Stardew Valley has been a metaphor. It’s a great game, but it’s taken up a lot of my time with its greatness. There are four seasons, each with twenty-eight days, each day goes by in about twenty minutes. It sort of feels like that most of the time now. I was in school for three years. It’s only been a few months since my year off to write has started, but it feels like we just had the graduation party last week. Fair is eight weekends long and it’s already going to be the fifth weekend coming up. I’m big into numbers, if you couldn’t tell. This website 4TheWords has been great for keeping track of how much of these “beneficial days of life” I’ve spent writing. 5,932 minutes, or 98.8 hours, or 4.1 days of writing. This is only what I’ve kept track of for the last 160 days.

I tend to get down on myself. I tend to be hard on myself when it comes to how I allocate my time. I know I need to be easier on myself, and I have been. I let myself relax, spend time with people, play video games and it really has helped with my levels of anxiety. My plan was to take one week off between finishing Act II and starting on Act II. Because of how this week went and how good of a time I’ve had, it’s turned into a two week hiatus. I can’t complain though. Vegging out with vidja has helped with my sanity. Amy and her kids came to visit over the weekend and then the Fourth of July and all. It’s been a great time. I’m super glad I got to see them all and spend time with them.

I’ve just been thinking of life and time. I’m not reading as much as I would like. I’m not going to the gym as much as I would like. But, other than that, I’ve been doing good. I still am reading, I still am going to the gym. I still have a 160 day writing streak, even if a lot of it is just blogs or journal entries that aren’t progressing the novel. I still get bummed out. I’m still hard on myself, but that’s alright, it just means I’m still motivated. I think I’m not writing enough and then I look at numbers and see that, over the last five or so months, I’ve really put a lot of work in. 4.1 total waking days of beneficial life spent writing isn’t something to spit at. That’s a whole lot of time. My stupid math brain can’t wait until I’ve written 365 days straight and I can see, from this website, exactly how much time I dedicated to writing in a year. I can but a percentage symbol next to a number and say, I did exactly this. I can validate the time I’ve spent not writing with time I spent having written. I’m feeling pretty good about it.

I’ll start writing Act III on Monday, assuming my work schedule allows. I’ll for sure start writing again next week. I love you Stardew Valley, but you’re like digital heroin and I need to cut back so that I can start the work again. There isn’t going to be this magical event where time is suddenly easy to manage. There’s a whole lot to do between the hours of writing. I’m never going to be such a recluse that I stop making time for my friends and family. I’ve got too much of an adventurous spirit to pass up fun times. It’s been like this for 160 days and I’ve managed to squeeze four whole days of writing in since I began.

Time moves on, inevitably, never stopping, never slowing down or speeding up when I want it to. I just have to make the most out of it.

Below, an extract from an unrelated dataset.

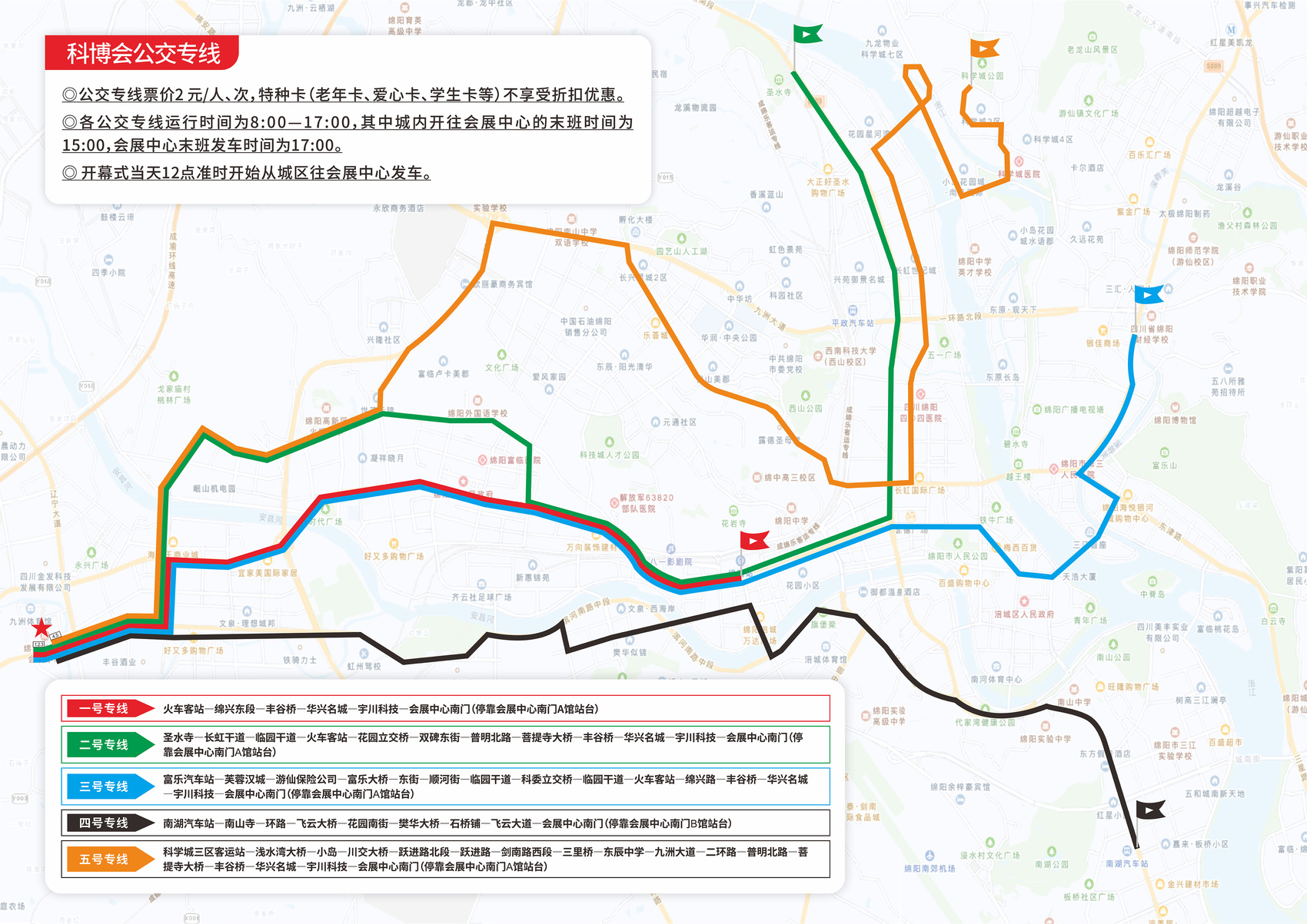 三号专线:富乐汽车站—芙蓉汉城—游仙保险公司—富乐大桥—东街—顺河街—临园干道—科委立交桥—临园干道—火车客站—绵兴路—丰谷桥—华兴名城—宇川科技—会展中心南门;停靠会展中心南门A馆站台。

The thought of death pisses me off now. It’s like, there’s no way I’m going to let any of these 4500 days I have allotted to me go to waste by it ending prematurely. That calculation is only to the age of sixty as well. I know we all gripe about getting old, but I don’t mind. If I could live to be ninety, I’d love it.

I drive safer, I go to the gym, I’m putting serious thought into quitting smoking. A lot of it has to do with wanting to write a hundred books before I die, but it’s so much more than that. Every experience with my friends and family and wonderful wife are there to show me that, yes, I’ve lived a full life, but there’s so much more to look forward to.

Time isn’t going to stop until death takes me, but I’m going to make damn sure that I make the most out of it while I have it.